This Is AuburnCalendar of Events

Submit an Event (See the POLICIES ON POSTING EVENTS.)

 

October 03, 2017
Time: 4:00 PM - 5:30 PM
Location: Pebble Hill

The public is invited to a book talk by Keith Hebert, author of The Long Civil War in the North Georgia Mountains: Confederate Nationalism, Sectionalism, and White Supremacy in Bartow County, Georgia.


Civil War historians have long noted that support for the Confederacy in the antebellum South tended to align with geography: those who lived in towns, along railroads, and on land suited for large-scale farming tended to side with the Confederacy, while those who lived a more isolated existence and made their livings by subsistence farming and bartering usually remained Unionist. Bartow County in northwest Georgia, with its distinctive terrain of valley, piedmont, and Appalachian hill country, is an ideal microcosm to examine these issues. Hebert examines the rise and precipitous fall of Confederate nationalism in Bartow County, a shared experience among many counties in the upland South. Hebert’s story tells us much about the war’s origins, Confederate defeat, and the enduring legacy of white supremacy in these rural areas.
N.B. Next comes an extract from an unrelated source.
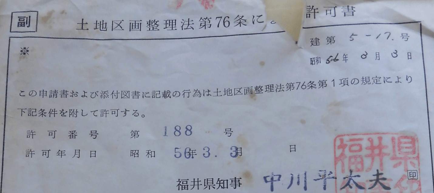この中に、土地区画整理法第76条関係の許可書がありました。確認申請書、同済証などは見当たりませんでしたが、許可要件での添付資料としては少なくとも図面は必要なので、それなりに整備されている「はず」の設計資料だと判断しました。いずれにせよ、図面復元作業はすさまじく楽になります。要するに、この図面と違うところを探していく、あるいは計測していくだけの作業になるからです。あとは、小屋裏や基礎の状況を天井裏、床下である程度調査する程度で済みます。

Keith Hebert, assistant professor in the Department of History at Auburn University, was formerly state historian at the Georgia Department of Natural Resources, Historic Preservation Division. His writing has appeared in The Georgia Historical Quarterly and Reconstructing Appalachia: The Civil War’s Aftermath.


The event is free, open to the public, and will be followed by refreshments. Books will be available for purchase and signing. The Caroline Marshall Draughon Center for the Arts & Humanities at Pebble Hill is located at 101 S. Debardeleben Street, Auburn.